KKP targetkan konsumsi ikan capai 62 kilogram/kapita pada 2024

KKP targetkan konsumsi ikan capai 62 kilogram/kapita pada 2024

Ilustrasi: Warga membeli ikan di Pasar Pabean Surabaya, Jawa Timur, Jumat (14/2/2020). Kementerian Kelautan dan Perikanan (KKP) menargetkan konsumsi ikan nasional pada tahun 2020 sebesar 56,39 kilogram per kapita per tahun dan ditingkatkan menjadi 62,50 kilogram per kapita per tahun pada tahun 2024. ANTARA FOTO/Didik Suhartono/ama. (ANTARA FOTO/DIDIK SUHARTONO)

Jakarta (ANTARA) - Kementerian Kelautan dan Perikanan (KKP) menargetkan tingkat konsumsi ikan hingga sebanyak 62 kilogram per kapita per tahun pada 2024, sehingga kementerian itu siap untuk bekerja sama dengan berbagai pihak terkait termasuk swasta dan lembaga pendidikan.

"Angka konsumsi ikan nasional pada 2019 adalah 54,9 kilogram per tahun. Kami menargetkan angka konsumsi ikan nasional pada 2024 mencapai 62,05 kilogram per kapita," kata Menteri Kelautan dan Perikanan Edhy Prabowo dalam Webinar Nasional "Gemar Makan Ikan untuk Pencegahan Stunting" yang digelar Universitas Binawan, Sabtu.

Menurut Edhy, pihaknya telah melakukan berbagai upaya untuk meningkatkan konsumsi tersebut termasuk menggalakkan Gerakan Memasyarakatkan Makan Ikan.

Baca juga: KKP memastikan program Gemarikan selalu mengandung nilai edukasi

Selain itu, ujar dia, telah pula dibangun pasar ikan modern dan berbagai kebijakan yang ada untuk memperkuat distribusi logistik untuk perikanan domestik.

KKP telah memberikan berbagai pelatihan pengolahan berbagai komoditas kelautan dan perikanan sebagai upaya menumbuhkan kreativitas dalam mengolah ikan di masyarakat, yang bisa pula menjadi sumber pendapatan bagi keluarga.

"Kami siap bekerja sama dengan Universitas Binawan untuk mengatasi stunting dan menyebarluaskan gemar makan ikan," katanya.

Baca juga: KKP: Tingkatkan imunitas dengan konsumsi ikan di tengah COVID-19

Sementara itu Plt Rektor Universitas Binawan Ayu Dwi Nindyati juga menyatakan pihaknya siap bersama-sama dengan pemerintah untuk bekerja sama dalam mengurangi stunting atau kekerdilan di Indonesia.

Ayu Dwi Nindyati mengemukakan bahwa hal itu penting karena stunting dapat memiliki efek yang berkelanjutan hingga ke kualitas generasi penerus bangsa Indonesia.

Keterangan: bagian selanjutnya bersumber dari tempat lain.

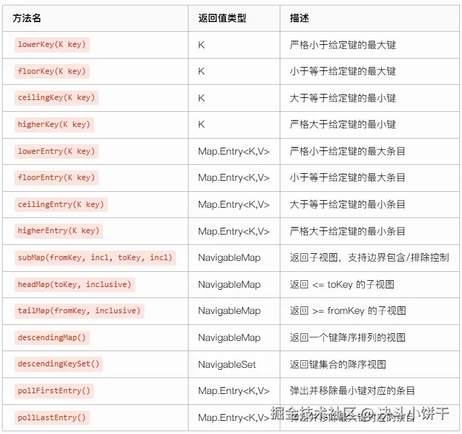 它扩展了 SortedMap,支持更丰富的范围查询与方向遍历操作。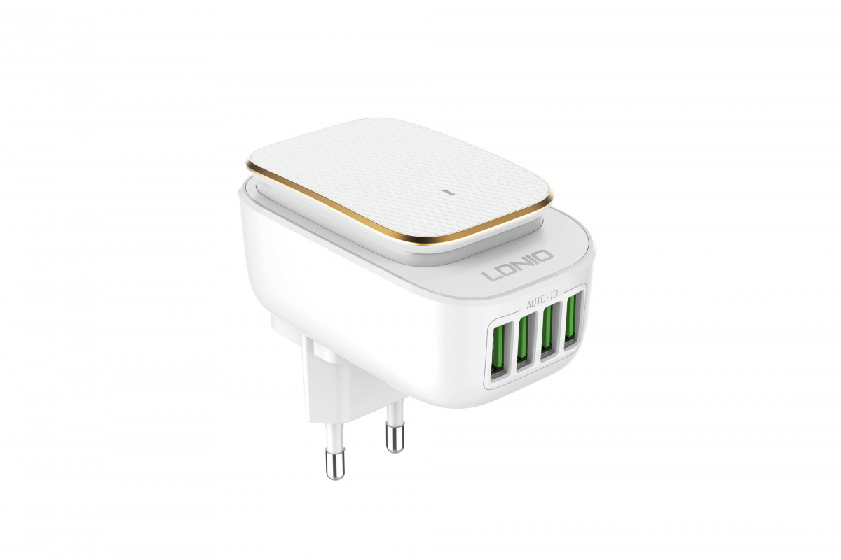LDNIO A4405/ Сетевое ЗУ + Led светил. 2.4W + Кабель Micro/ 4 USB Auto-ID/ Выход: 22W/ White&Gold

Sedangkan Dekan FKM Univ Binawan Agung Cahyono Triwibowo menyatakan bahwa stunting menjadi masalah utama, karena Indonesia diperkirakan masih memiliki prevalensi hingga sekitar 30 persen padahal batasan menurut WHO seharusnya dalam kisaran 10-20 persen.

Untuk itu, ujar Agung, penting agar budaya makan ikan dapat terus ditingkatkan sehingga menjadi sumber protein utama di Indonesia.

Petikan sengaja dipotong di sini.